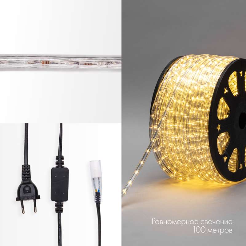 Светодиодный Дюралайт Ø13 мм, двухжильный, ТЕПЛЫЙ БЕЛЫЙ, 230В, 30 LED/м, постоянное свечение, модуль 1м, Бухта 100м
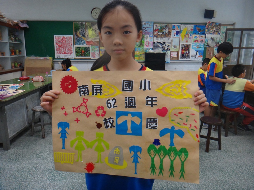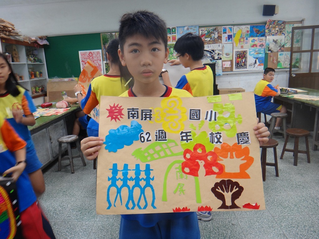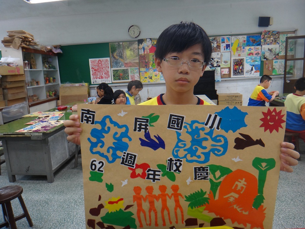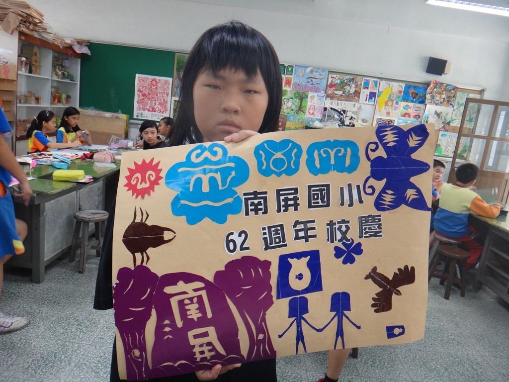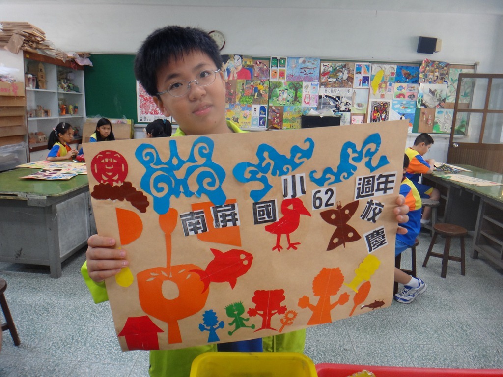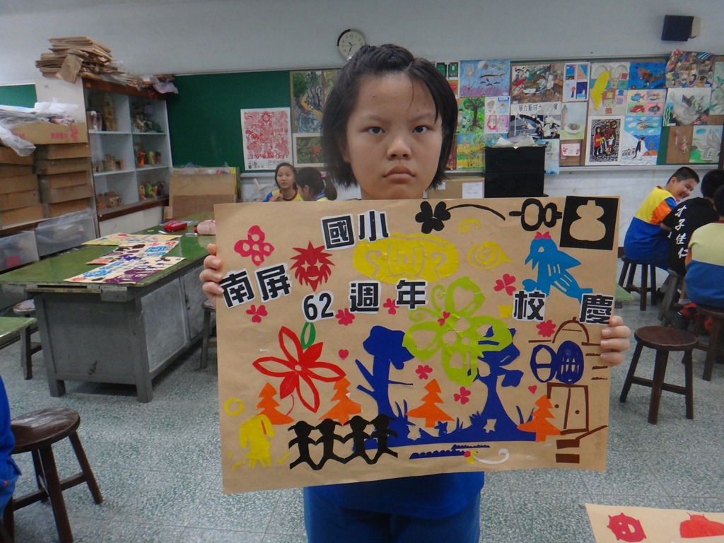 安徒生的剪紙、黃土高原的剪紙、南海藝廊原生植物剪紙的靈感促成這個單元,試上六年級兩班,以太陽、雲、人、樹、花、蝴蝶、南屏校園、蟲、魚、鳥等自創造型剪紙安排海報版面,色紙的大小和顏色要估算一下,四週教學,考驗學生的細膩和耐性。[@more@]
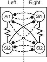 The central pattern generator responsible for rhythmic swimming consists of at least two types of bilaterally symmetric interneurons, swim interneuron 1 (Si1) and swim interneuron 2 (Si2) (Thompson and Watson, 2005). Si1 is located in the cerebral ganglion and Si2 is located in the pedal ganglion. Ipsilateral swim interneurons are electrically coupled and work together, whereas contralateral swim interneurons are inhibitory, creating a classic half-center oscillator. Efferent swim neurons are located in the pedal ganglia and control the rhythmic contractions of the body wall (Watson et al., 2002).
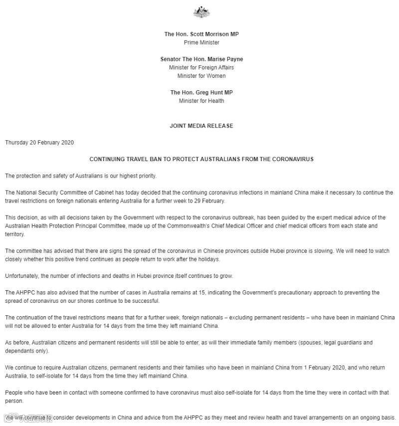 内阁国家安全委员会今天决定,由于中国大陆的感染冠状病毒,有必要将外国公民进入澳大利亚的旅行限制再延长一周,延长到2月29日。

TO DO:
The data should be printed again unchanged; leave its pictures out.

OUTPUT BELOW:
 Светодиодный Дюралайт Ø13 мм, двухжильный, ТЕПЛЫЙ БЕЛЫЙ, 230В, 30 LED/м, постоянное свечение, модуль 1м, Бухта 100м
 安徒生的剪紙、黃土高原的剪紙、南海藝廊原生植物剪紙的靈感促成這個單元,試上六年級兩班,以太陽、雲、人、樹、花、蝴蝶、南屏校園、蟲、魚、鳥等自創造型剪紙安排海報版面,色紙的大小和顏色要估算一下,四週教學,考驗學生的細膩和耐性。[@more@]
 The central pattern generator responsible for rhythmic swimming consists of at least two types of bilaterally symmetric interneurons, swim interneuron 1 (Si1) and swim interneuron 2 (Si2) (Thompson and Watson, 2005). Si1 is located in the cerebral ganglion and Si2 is located in the pedal ganglion. Ipsilateral swim interneurons are electrically coupled and work together, whereas contralateral swim interneurons are inhibitory, creating a classic half-center oscillator. Efferent swim neurons are located in the pedal ganglia and control the rhythmic contractions of the body wall (Watson et al., 2002).
 内阁国家安全委员会今天决定,由于中国大陆的感染冠状病毒,有必要将外国公民进入澳大利亚的旅行限制再延长一周,延长到2月29日。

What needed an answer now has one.